### Exercise brief
Beneath this line are entries. Copy the range from the line with "Бизнес-команда стоит, соединив руки" to the line with "Друза кристаллов эльбаита", ends included, exactly; leave pictures out.

### Provided information
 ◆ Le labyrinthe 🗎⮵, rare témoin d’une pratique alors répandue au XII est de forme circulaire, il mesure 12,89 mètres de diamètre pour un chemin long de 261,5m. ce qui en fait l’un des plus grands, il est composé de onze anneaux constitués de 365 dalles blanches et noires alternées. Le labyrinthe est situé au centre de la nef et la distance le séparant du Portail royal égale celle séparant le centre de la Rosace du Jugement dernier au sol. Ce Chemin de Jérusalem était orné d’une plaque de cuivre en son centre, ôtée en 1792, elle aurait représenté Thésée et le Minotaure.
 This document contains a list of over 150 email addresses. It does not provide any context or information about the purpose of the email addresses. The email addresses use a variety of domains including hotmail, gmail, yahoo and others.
...
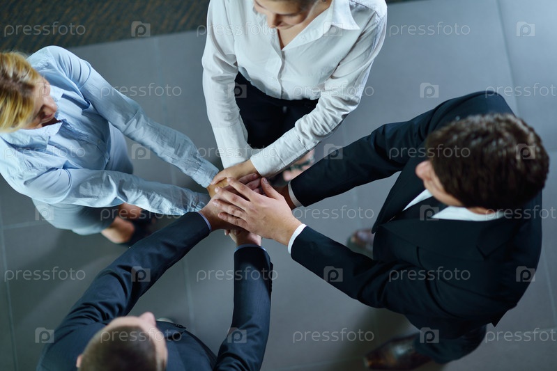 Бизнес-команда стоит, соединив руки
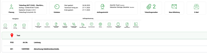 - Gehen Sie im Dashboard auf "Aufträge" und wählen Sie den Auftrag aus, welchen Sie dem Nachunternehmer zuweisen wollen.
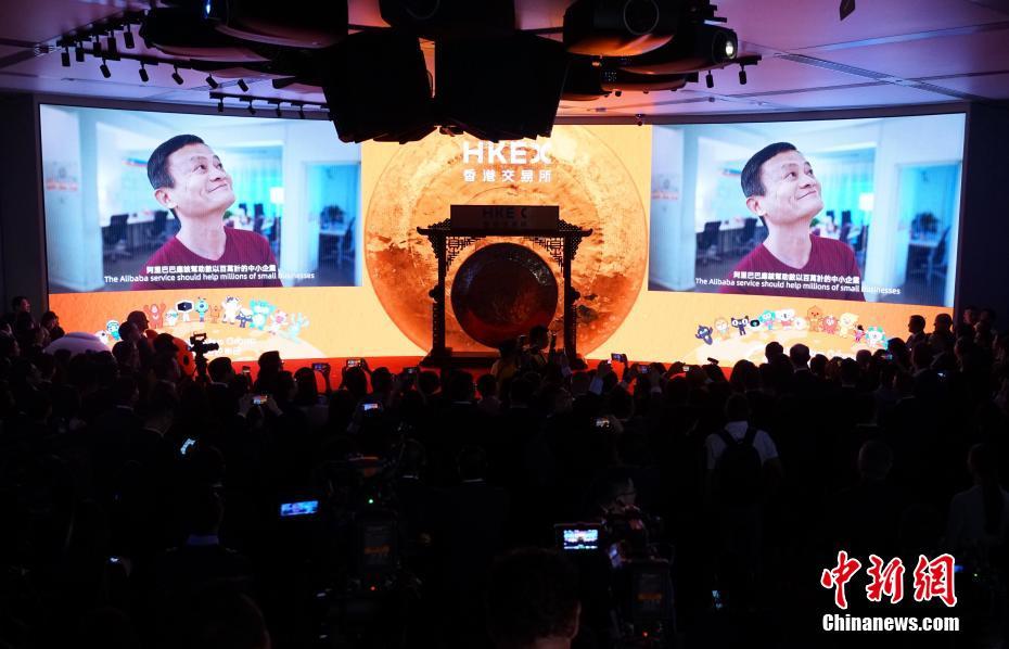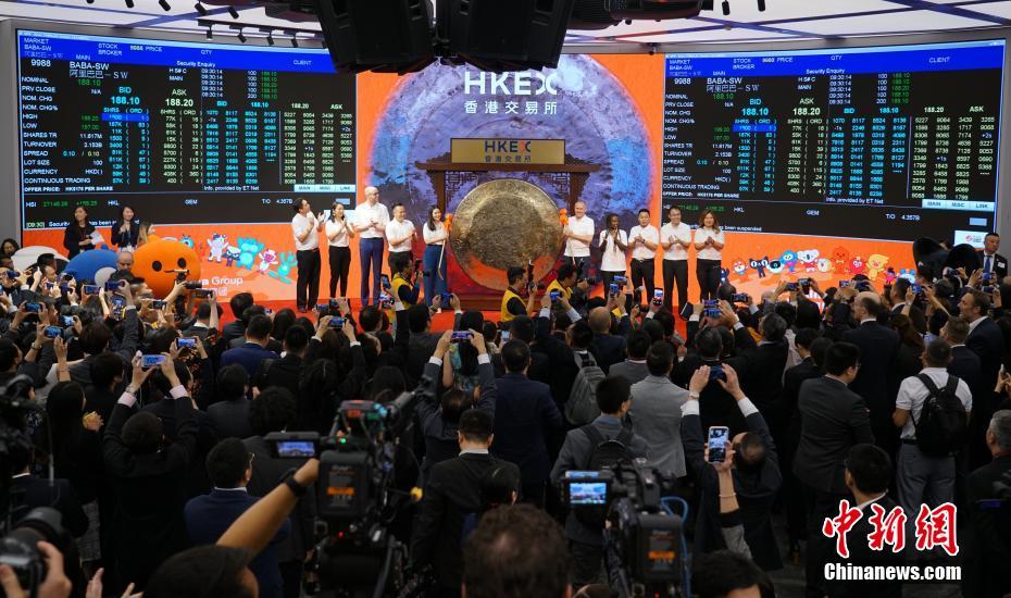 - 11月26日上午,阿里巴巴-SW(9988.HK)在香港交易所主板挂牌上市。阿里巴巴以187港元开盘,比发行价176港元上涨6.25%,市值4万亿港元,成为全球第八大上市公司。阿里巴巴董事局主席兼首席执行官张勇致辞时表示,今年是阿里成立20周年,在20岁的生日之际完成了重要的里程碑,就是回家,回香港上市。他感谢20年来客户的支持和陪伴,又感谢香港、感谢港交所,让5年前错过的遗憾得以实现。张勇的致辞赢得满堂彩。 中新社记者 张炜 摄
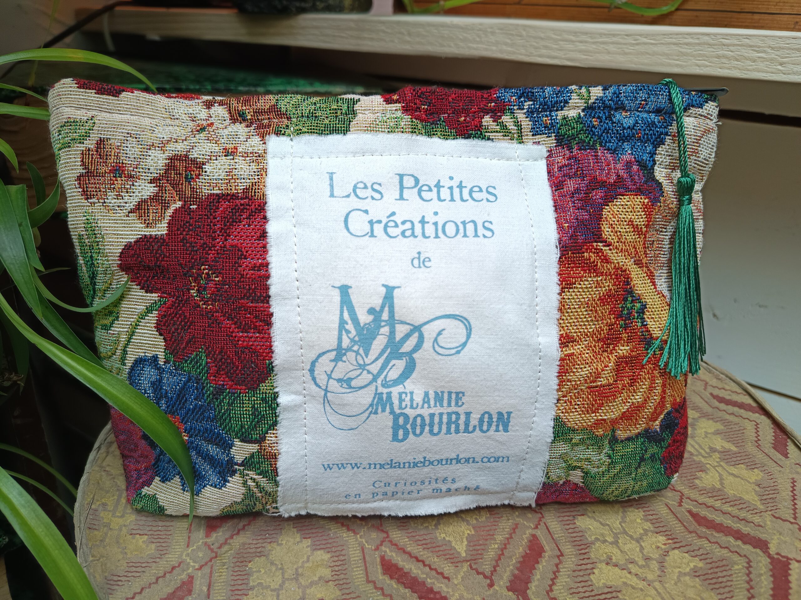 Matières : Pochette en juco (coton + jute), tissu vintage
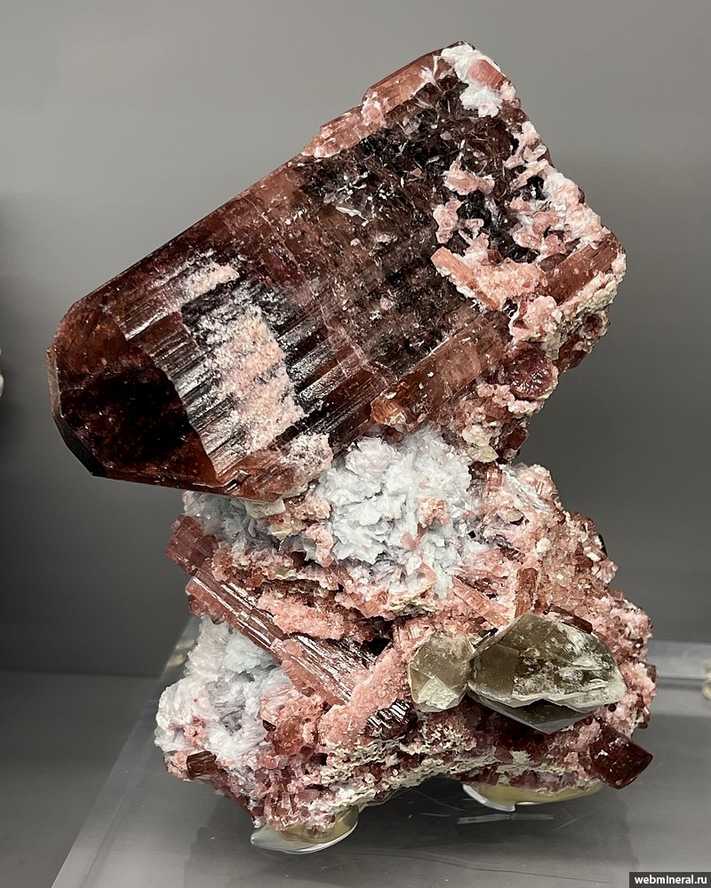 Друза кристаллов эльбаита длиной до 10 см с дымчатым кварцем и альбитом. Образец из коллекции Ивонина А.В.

### Expected output
 Бизнес-команда стоит, соединив руки
 - Gehen Sie im Dashboard auf "Aufträge" und wählen Sie den Auftrag aus, welchen Sie dem Nachunternehmer zuweisen wollen.
 - 11月26日上午,阿里巴巴-SW(9988.HK)在香港交易所主板挂牌上市。阿里巴巴以187港元开盘,比发行价176港元上涨6.25%,市值4万亿港元,成为全球第八大上市公司。阿里巴巴董事局主席兼首席执行官张勇致辞时表示,今年是阿里成立20周年,在20岁的生日之际完成了重要的里程碑,就是回家,回香港上市。他感谢20年来客户的支持和陪伴,又感谢香港、感谢港交所,让5年前错过的遗憾得以实现。张勇的致辞赢得满堂彩。 中新社记者 张炜 摄
 Matières : Pochette en juco (coton + jute), tissu vintage
 Друза кристаллов эльбаита длиной до 10 см с дымчатым кварцем и альбитом. Образец из коллекции Ивонина А.В.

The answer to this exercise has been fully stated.